I ask the kids to please weigh their project every couple of weeks, to make sure they aren't having a parasite problem and to make sure the feed they have decided to go with is working. Compare their kids daily gain with what he or she was doing at our farm. I also sell, does with breeding faults as show wethers, but normaly I ask a little more for the does, like $225.00, since that is about what I could get for them as commercial with a fault. Like fish teats or folded ear.


----------



## Maggie (Nov 5, 2010)

I thought they had to be disbudded for 4-H here.... at least that is what the other breeders told me. I'd really rather not disbud if I don't have to. I tried looking up the rules on the 4-H site for our county but can't find a thing, most of the people that have contacted me in the past have been from NJ anways.


----------



## Dani-1995 (Mar 11, 2011)

Ours have to have their milk teeth. 

Price would depend on the quality and market in your area. I think 200 is reasonable for a nice wether, although I have seen really good wethers go for around 500 and up.. Just depends on the quality and market in your area.


----------



## HoosierShadow (Apr 20, 2010)

I'm in KY, and here, goats don't have to be disbudded. BUT, they do tell you to tip the ends, they are not allowed to have sharp horns.
Here they have to be born, usually anytime after mid/late August of the previous year. So kids shown this past summer had to be born after August 15th, 2011.

I 'think' they had to be at least 30lbs. to show in a market class, have to have their scrapie tag, and in KY they have a KUIP tag - the child gets that at a state tagging site.

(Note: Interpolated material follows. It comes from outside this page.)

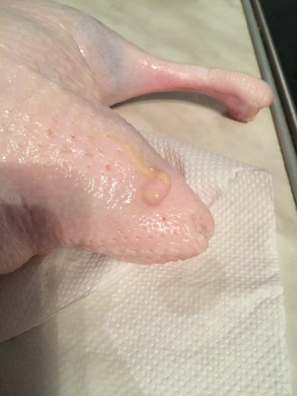 Это гузка, жёлтое это смазка для перьев. Гузку как правило отрезают, ну или вырезают эту штуку с жиром.
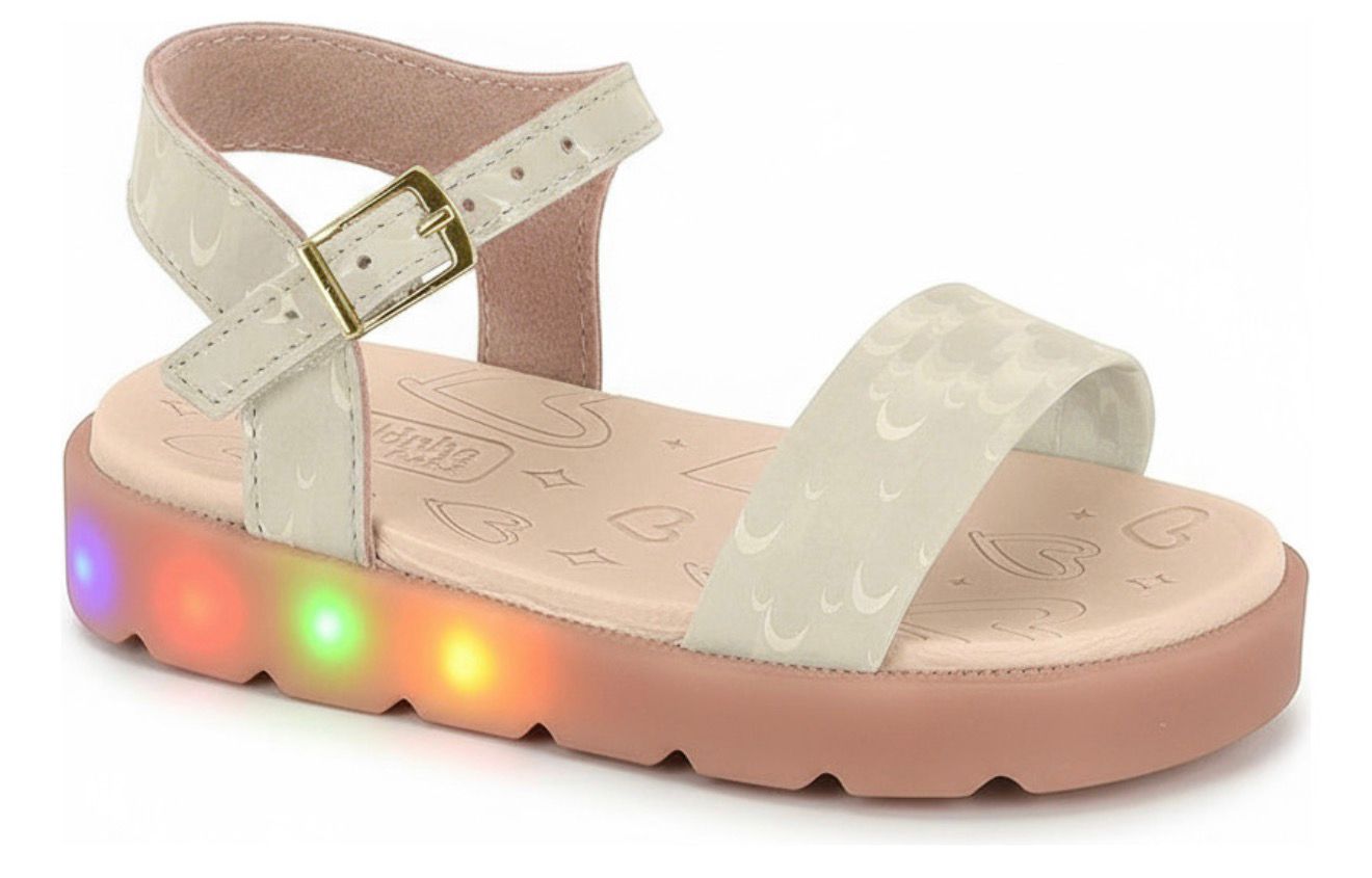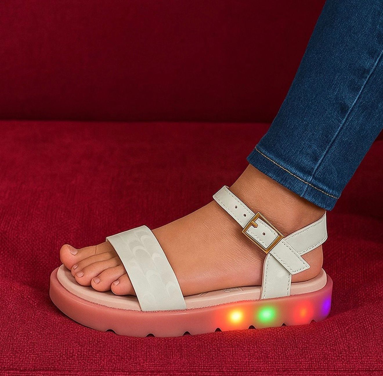 Sandália Infantil Menina Molekinha Branco Off com Luz — estilo, conforto e diversão para os pequenos! Ideal para meninas que adoram brilhar em qualquer ocasião, essa sandália conta com luzes coloridas que acendem a cada passo, tornando cada movimento especial e cheio de alegria. O design em branco off com acabamento delicado deixa o visual versátil e moderno, perfeito para combinar com diferentes looks de verão.

I know every state is different, but that's all that's needed here, usually when the kids go to the tagging site there is a vet on site to do the health papers..

Hopefully it's not complicated in your state/area.
I'd definitely call the county extension office to find out, and if there are kids wanting them and they live in a different county, they need to find out.


----------



## 20kidsonhill (Feb 28, 2011)

Each county has their own rules by us. Our county is under a year and between 60 and 120lbs. But I have sold to nearby counties that pretty much have no rules, as long as it was with in a reasonable age range. another words if the wether or doe was only 30 lbs that was okay. But even these fairs will say that they suggest the goat to be at least 70 to 80 lbs. Our fairs in neighboring counties are all over the place as far as time frame, I will have kids calling looking for wethers/does for May shows all the way to our state fair which wasn't until Ocotober this year. That gives me some room to work with as far as age and weight.


----------



## Dani-1995 (Mar 11, 2011)

Ours have to be disbudded or horns tipped


----------



## Maggie (Nov 5, 2010)

Thanks, I appreciate the help. I guess I need to do a bit of research about the disbudding. I'd rather not disbud them, it would only raise the cost of raising them since I wouldn't be doing it myself and I do not want to have to ask too much for them. 
I dont' think they will have any problem getting over 30 pounds, the one is almost 15 pounds already and only 6 days old.


----------



## 20kidsonhill (Feb 28, 2011)

I think you will hit that 30lb bench mark, infact I have never heard anyone showing that low of weight. They should be 40 or 50 or even 60 at weaning.


----------



## Maggie (Nov 5, 2010)

^ No not for a boer anyways. Most of our kids are right around 30 pounds at a month old and wean at 50-70 pounds.


----------



## FaRmEr FrEaK (Jul 7, 2012)

It Depends on the Area and the Fair but you might want to Check the Weight Limit the Fair here is under 110 Pounds and they have to be De-Horned and Have to have the milk teeth


----------